▶ Recorded data

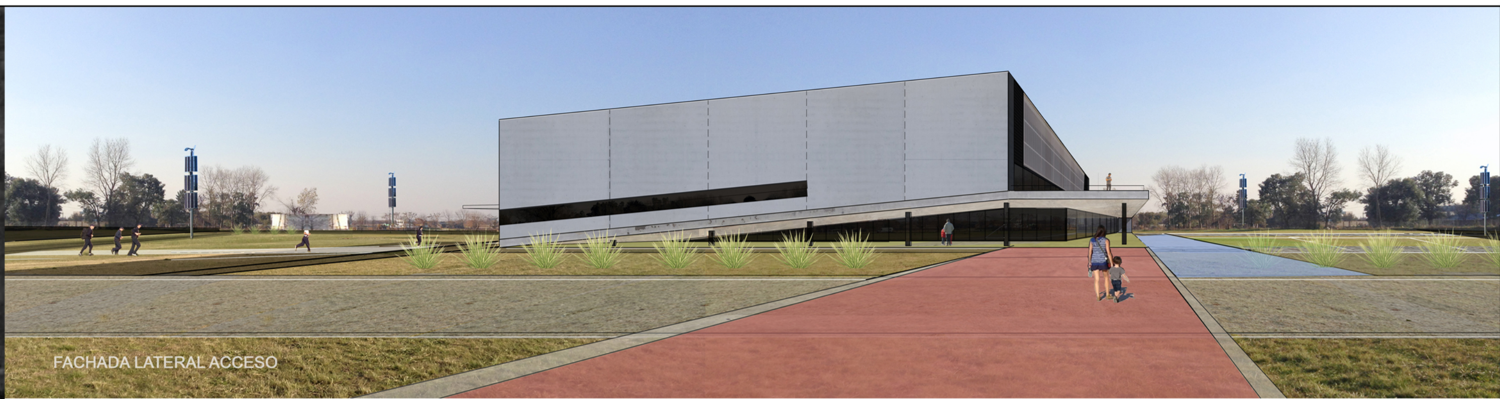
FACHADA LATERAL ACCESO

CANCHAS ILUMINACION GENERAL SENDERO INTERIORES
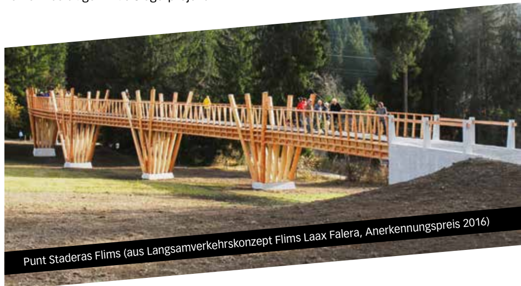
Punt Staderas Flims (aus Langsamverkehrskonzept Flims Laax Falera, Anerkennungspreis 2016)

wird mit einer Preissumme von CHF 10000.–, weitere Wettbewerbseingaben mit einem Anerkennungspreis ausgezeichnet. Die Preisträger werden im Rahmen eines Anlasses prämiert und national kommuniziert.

▶ What to do
In the data, how many lines hold the word "Anerkennungspreis"? State that number alone.

▶ Solution to this problem
2